We examined the six building materials with the most substantial carbon footprint and resource consumption: cement, steel, aluminium, plastics, glass and gypsum. We found that switching to a circular economy could abate 75% of embodied emissions and up to 4 gigatons of CO2, adding up to $360 billion in extra net profits annually by 2050.

New practices, new advantages

Among the building materials we investigated, cement is the biggest carbon emitter, contributing 30% of building materials-related CO2 emissions and 8% of global CO2 emissions. Decarbonizing cement is difficult due to the energy needed for its production and the CO2 emitted through related mining, processing and manufacturing. Circular economy practices, such as smart crushed aggregates (where crushed old concrete is used as filler for new concrete), could abate 96% of embodied CO2 emissions from cement and create $122 billion of net profit gain by 2050.
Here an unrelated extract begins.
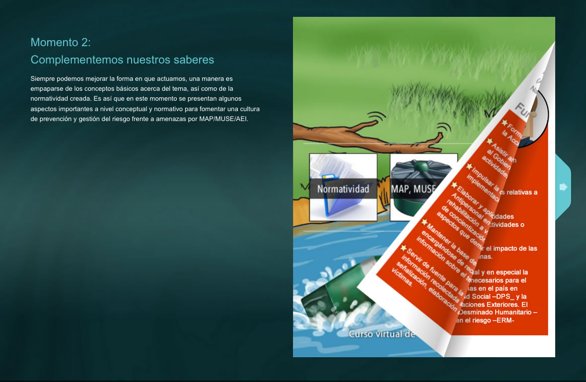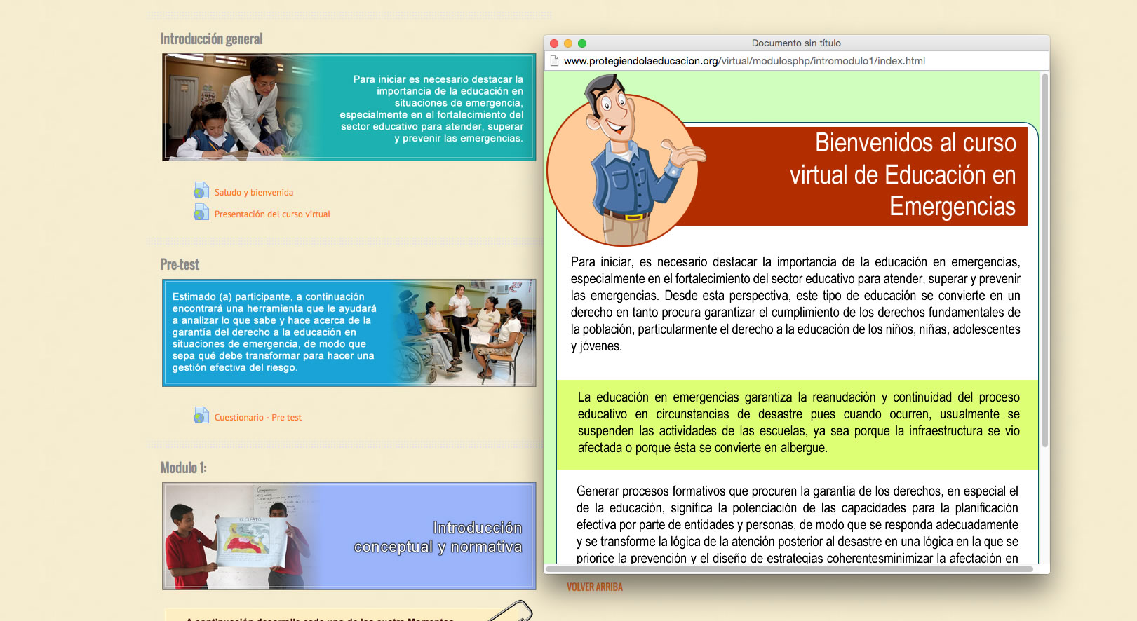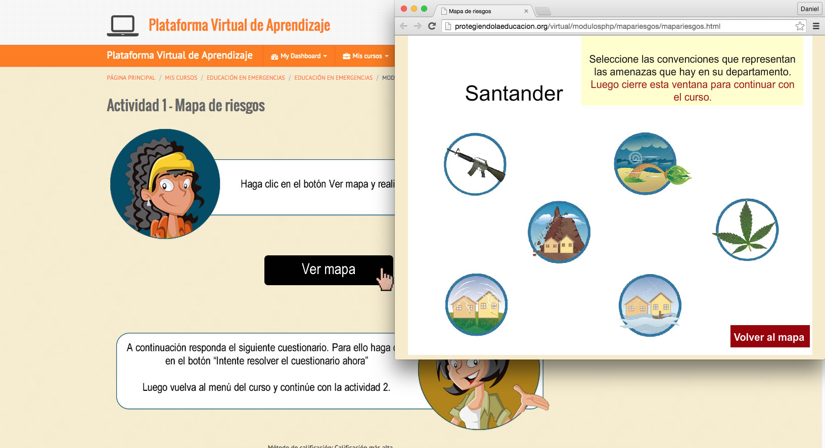 El primer curso que se implementó fue el Curso de Eduación en Emergencias, para el cual se desarrollaron diferentes actividades. Lo primero que se tuvo en cuenta fue mantener una identidad visual durante todo el curso. Se crearon tres personajes diferentes que guían al estudiante en los diferentes momentos del curso: lección, evaluación, retroalimentación.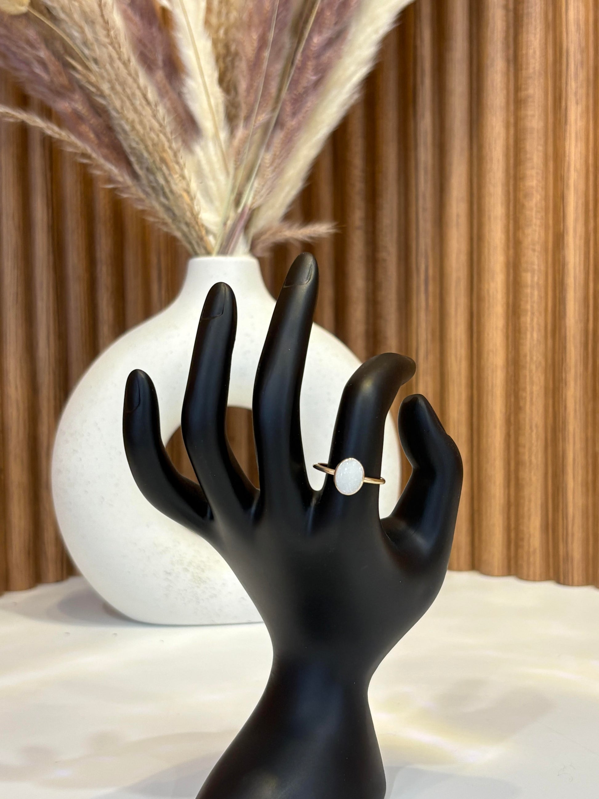 Je trouve personnellement joli de laisser plus d’Or visible ce qui donne une pierre plate et non bombée. Si tel est votre souhait, l’inscrire dans les notes du panier. Sinon elle sera crée bombée comme les autres créations ❤️

Other environmental advantages could come from recirculating used minerals and materials (~26% CO2 abatement); renewable and recovered energy in materials production (~9%); and, reduced emissions through carbon capture, storage and utilization (~40%). We also estimate that the built environment could drive wider sustainability across other sectors, for instance, by absorbing and reusing much of the world’s plastic waste.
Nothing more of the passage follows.